═══ Extracted information

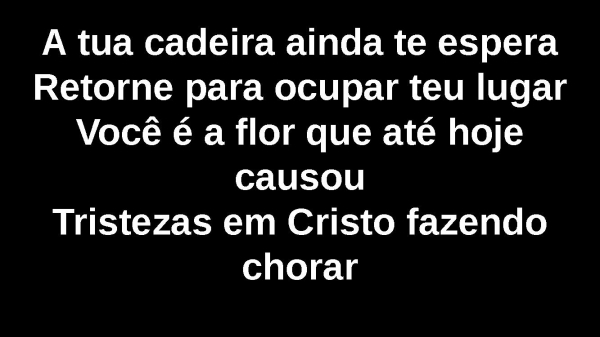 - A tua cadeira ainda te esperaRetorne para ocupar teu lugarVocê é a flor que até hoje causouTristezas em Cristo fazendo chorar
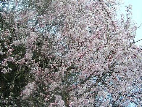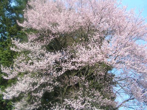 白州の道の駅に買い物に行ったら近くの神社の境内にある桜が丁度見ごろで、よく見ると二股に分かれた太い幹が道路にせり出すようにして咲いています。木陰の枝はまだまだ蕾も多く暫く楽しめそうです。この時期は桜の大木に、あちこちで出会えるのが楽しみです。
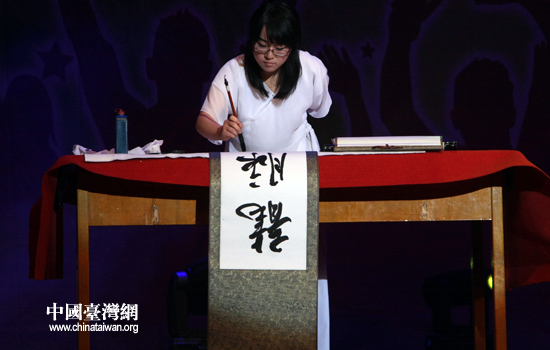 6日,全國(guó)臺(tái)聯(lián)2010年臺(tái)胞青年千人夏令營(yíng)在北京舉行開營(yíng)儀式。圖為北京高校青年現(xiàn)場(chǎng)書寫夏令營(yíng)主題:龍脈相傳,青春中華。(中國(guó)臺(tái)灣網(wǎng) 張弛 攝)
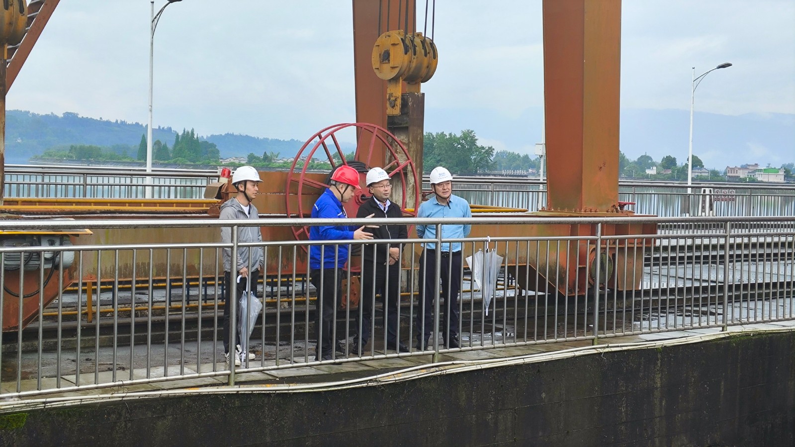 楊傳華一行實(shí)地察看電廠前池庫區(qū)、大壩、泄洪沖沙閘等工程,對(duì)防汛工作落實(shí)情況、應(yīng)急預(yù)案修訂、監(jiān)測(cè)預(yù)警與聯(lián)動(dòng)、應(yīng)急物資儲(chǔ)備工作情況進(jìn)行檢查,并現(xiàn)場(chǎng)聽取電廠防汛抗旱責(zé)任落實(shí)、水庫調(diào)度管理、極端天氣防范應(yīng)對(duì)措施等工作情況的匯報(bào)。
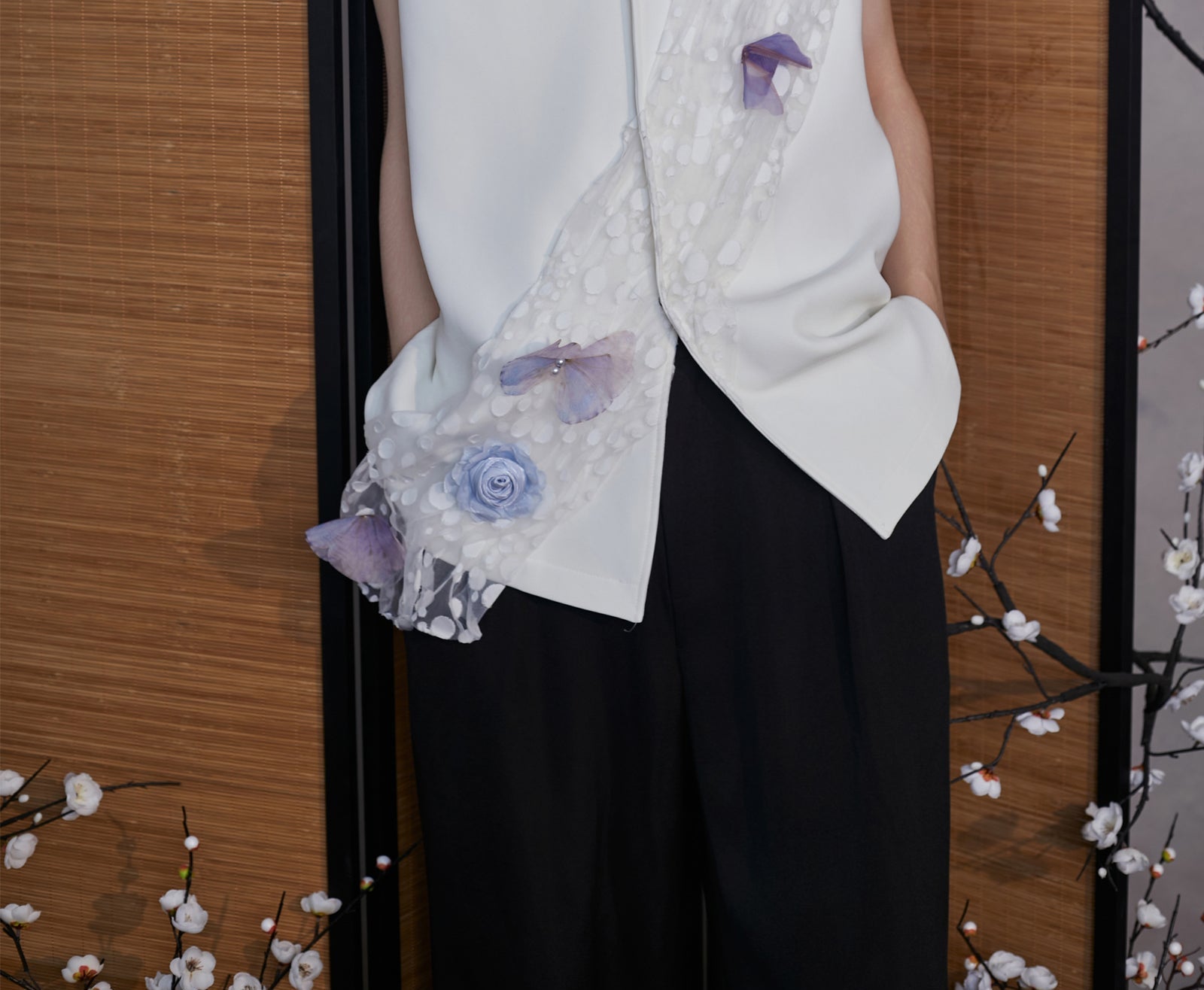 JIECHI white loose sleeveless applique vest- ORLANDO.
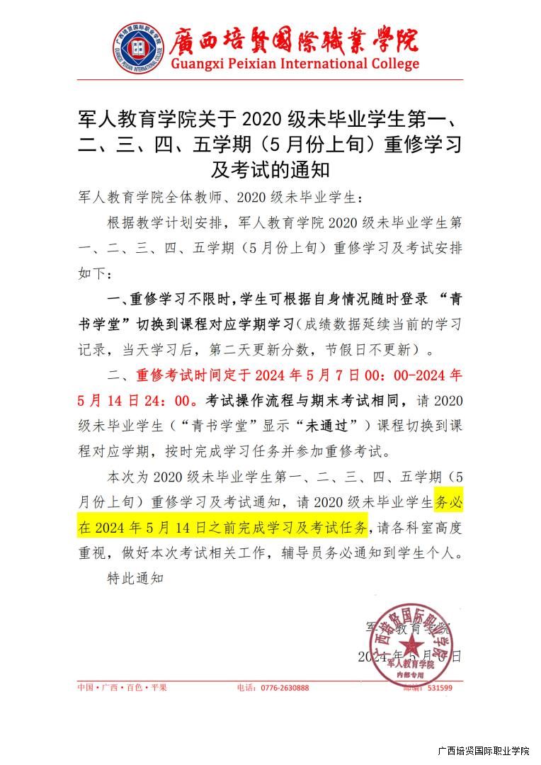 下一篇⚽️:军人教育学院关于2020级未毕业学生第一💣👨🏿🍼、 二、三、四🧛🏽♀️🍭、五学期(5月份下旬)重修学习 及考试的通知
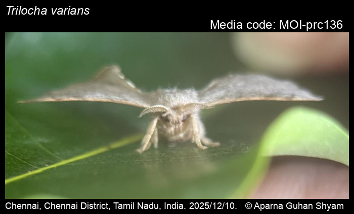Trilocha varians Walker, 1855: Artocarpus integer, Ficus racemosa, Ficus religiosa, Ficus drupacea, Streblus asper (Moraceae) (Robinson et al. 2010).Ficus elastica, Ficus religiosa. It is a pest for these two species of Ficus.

══════
═══ Extracted information

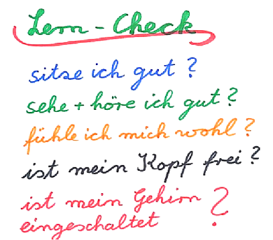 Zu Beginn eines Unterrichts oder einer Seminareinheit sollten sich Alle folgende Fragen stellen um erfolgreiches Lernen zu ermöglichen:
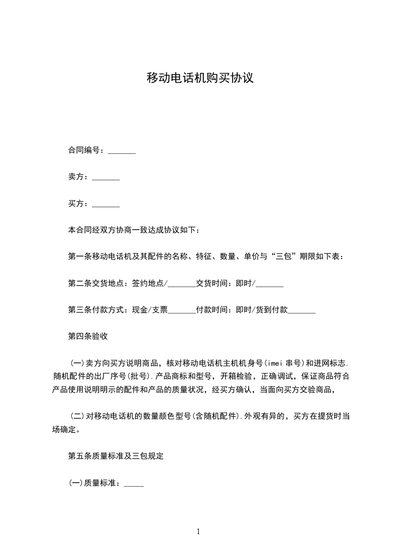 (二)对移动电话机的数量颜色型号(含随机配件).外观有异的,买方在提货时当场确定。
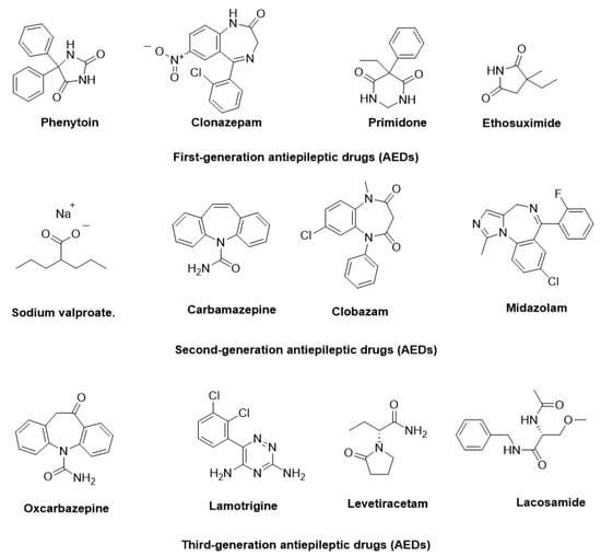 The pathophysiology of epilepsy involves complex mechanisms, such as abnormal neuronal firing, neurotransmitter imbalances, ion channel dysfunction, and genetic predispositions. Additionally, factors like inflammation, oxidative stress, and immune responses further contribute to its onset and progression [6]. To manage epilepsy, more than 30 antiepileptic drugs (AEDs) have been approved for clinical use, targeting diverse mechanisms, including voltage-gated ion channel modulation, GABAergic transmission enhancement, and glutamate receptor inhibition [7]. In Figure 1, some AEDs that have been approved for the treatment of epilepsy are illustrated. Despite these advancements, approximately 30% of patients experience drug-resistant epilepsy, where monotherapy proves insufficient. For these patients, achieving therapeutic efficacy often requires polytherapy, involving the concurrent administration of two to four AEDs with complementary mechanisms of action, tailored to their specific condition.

══════

> Directions:
An exact copy of the lines above from the one with "- A tua cadeira" up to and including the one with "楊傳華一行實(shí)地察看" is required; reproduce only those lines, omitting all pictures.

> Response area:
 - A tua cadeira ainda te esperaRetorne para ocupar teu lugarVocê é a flor que até hoje causouTristezas em Cristo fazendo chorar
 白州の道の駅に買い物に行ったら近くの神社の境内にある桜が丁度見ごろで、よく見ると二股に分かれた太い幹が道路にせり出すようにして咲いています。木陰の枝はまだまだ蕾も多く暫く楽しめそうです。この時期は桜の大木に、あちこちで出会えるのが楽しみです。
 6日,全國(guó)臺(tái)聯(lián)2010年臺(tái)胞青年千人夏令營(yíng)在北京舉行開營(yíng)儀式。圖為北京高校青年現(xiàn)場(chǎng)書寫夏令營(yíng)主題:龍脈相傳,青春中華。(中國(guó)臺(tái)灣網(wǎng) 張弛 攝)
 楊傳華一行實(shí)地察看電廠前池庫區(qū)、大壩、泄洪沖沙閘等工程,對(duì)防汛工作落實(shí)情況、應(yīng)急預(yù)案修訂、監(jiān)測(cè)預(yù)警與聯(lián)動(dòng)、應(yīng)急物資儲(chǔ)備工作情況進(jìn)行檢查,并現(xiàn)場(chǎng)聽取電廠防汛抗旱責(zé)任落實(shí)、水庫調(diào)度管理、極端天氣防范應(yīng)對(duì)措施等工作情況的匯報(bào)。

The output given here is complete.